EXTRACTED INFORMATION:
#####

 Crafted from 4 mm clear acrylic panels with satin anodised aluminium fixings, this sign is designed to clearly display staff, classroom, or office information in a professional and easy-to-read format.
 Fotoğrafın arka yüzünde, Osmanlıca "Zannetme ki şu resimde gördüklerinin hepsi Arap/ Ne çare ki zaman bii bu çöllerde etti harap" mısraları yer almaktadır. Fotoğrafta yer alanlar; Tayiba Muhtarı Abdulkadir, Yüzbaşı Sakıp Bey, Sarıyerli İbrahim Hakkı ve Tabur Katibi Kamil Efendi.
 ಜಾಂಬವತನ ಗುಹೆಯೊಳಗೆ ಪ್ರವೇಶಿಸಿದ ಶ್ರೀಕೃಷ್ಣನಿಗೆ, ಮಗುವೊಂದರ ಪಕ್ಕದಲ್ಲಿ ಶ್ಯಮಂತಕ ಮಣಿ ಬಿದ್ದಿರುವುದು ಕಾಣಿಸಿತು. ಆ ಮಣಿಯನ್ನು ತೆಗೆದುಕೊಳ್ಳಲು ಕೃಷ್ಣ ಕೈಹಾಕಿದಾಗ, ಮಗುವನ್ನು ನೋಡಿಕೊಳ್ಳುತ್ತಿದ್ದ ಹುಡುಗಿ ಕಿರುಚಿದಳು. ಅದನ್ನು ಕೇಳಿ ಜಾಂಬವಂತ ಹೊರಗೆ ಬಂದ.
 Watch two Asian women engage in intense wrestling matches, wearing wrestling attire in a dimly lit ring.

#####

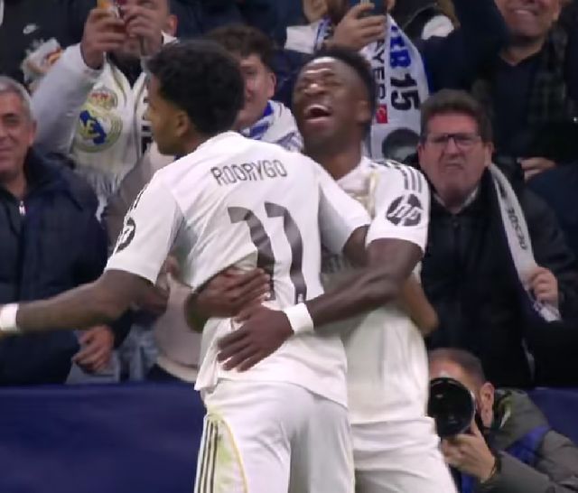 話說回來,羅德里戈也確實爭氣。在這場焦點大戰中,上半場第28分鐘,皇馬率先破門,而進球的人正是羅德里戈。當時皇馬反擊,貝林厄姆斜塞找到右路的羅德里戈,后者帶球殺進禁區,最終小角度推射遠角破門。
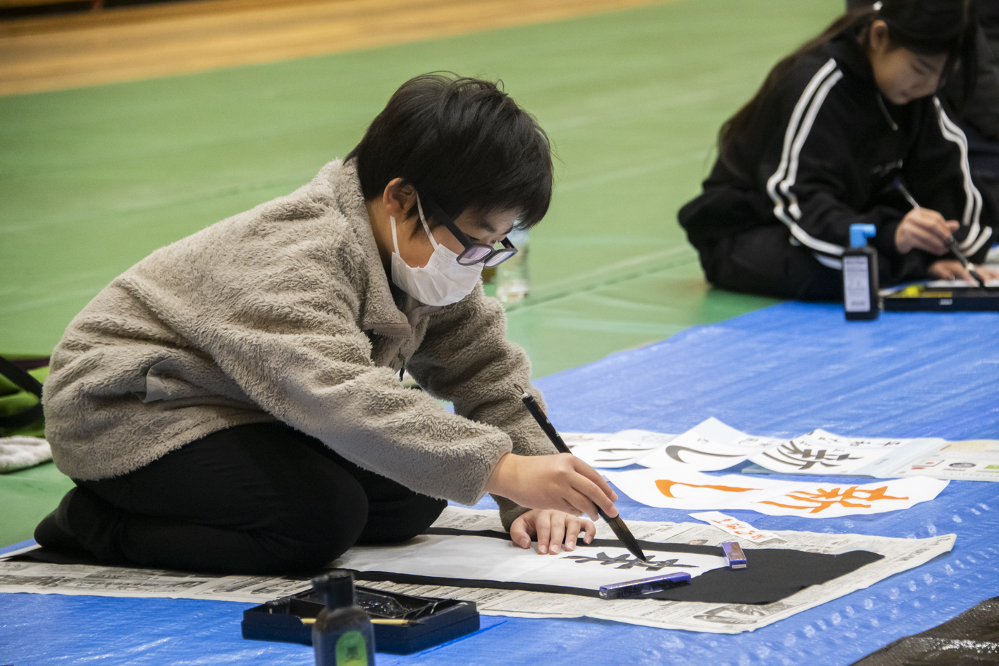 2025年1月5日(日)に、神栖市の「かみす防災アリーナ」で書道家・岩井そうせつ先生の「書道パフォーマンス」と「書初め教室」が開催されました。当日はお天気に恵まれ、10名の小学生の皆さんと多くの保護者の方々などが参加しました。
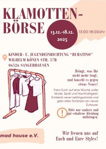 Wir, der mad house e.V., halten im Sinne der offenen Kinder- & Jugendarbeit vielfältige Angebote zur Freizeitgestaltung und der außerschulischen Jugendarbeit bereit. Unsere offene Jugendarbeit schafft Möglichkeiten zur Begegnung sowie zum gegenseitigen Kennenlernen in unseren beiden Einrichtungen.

#####

ABOUT THIS EXERCISE:
Taking the entries above, restate exactly those lines that fall between the line with "Crafted from 4" and the line with "Watch two Asian", keeping both of those lines too.

ANSWER AREA:
 Crafted from 4 mm clear acrylic panels with satin anodised aluminium fixings, this sign is designed to clearly display staff, classroom, or office information in a professional and easy-to-read format.
 Fotoğrafın arka yüzünde, Osmanlıca "Zannetme ki şu resimde gördüklerinin hepsi Arap/ Ne çare ki zaman bii bu çöllerde etti harap" mısraları yer almaktadır. Fotoğrafta yer alanlar; Tayiba Muhtarı Abdulkadir, Yüzbaşı Sakıp Bey, Sarıyerli İbrahim Hakkı ve Tabur Katibi Kamil Efendi.
 ಜಾಂಬವತನ ಗುಹೆಯೊಳಗೆ ಪ್ರವೇಶಿಸಿದ ಶ್ರೀಕೃಷ್ಣನಿಗೆ, ಮಗುವೊಂದರ ಪಕ್ಕದಲ್ಲಿ ಶ್ಯಮಂತಕ ಮಣಿ ಬಿದ್ದಿರುವುದು ಕಾಣಿಸಿತು. ಆ ಮಣಿಯನ್ನು ತೆಗೆದುಕೊಳ್ಳಲು ಕೃಷ್ಣ ಕೈಹಾಕಿದಾಗ, ಮಗುವನ್ನು ನೋಡಿಕೊಳ್ಳುತ್ತಿದ್ದ ಹುಡುಗಿ ಕಿರುಚಿದಳು. ಅದನ್ನು ಕೇಳಿ ಜಾಂಬವಂತ ಹೊರಗೆ ಬಂದ.
 Watch two Asian women engage in intense wrestling matches, wearing wrestling attire in a dimly lit ring.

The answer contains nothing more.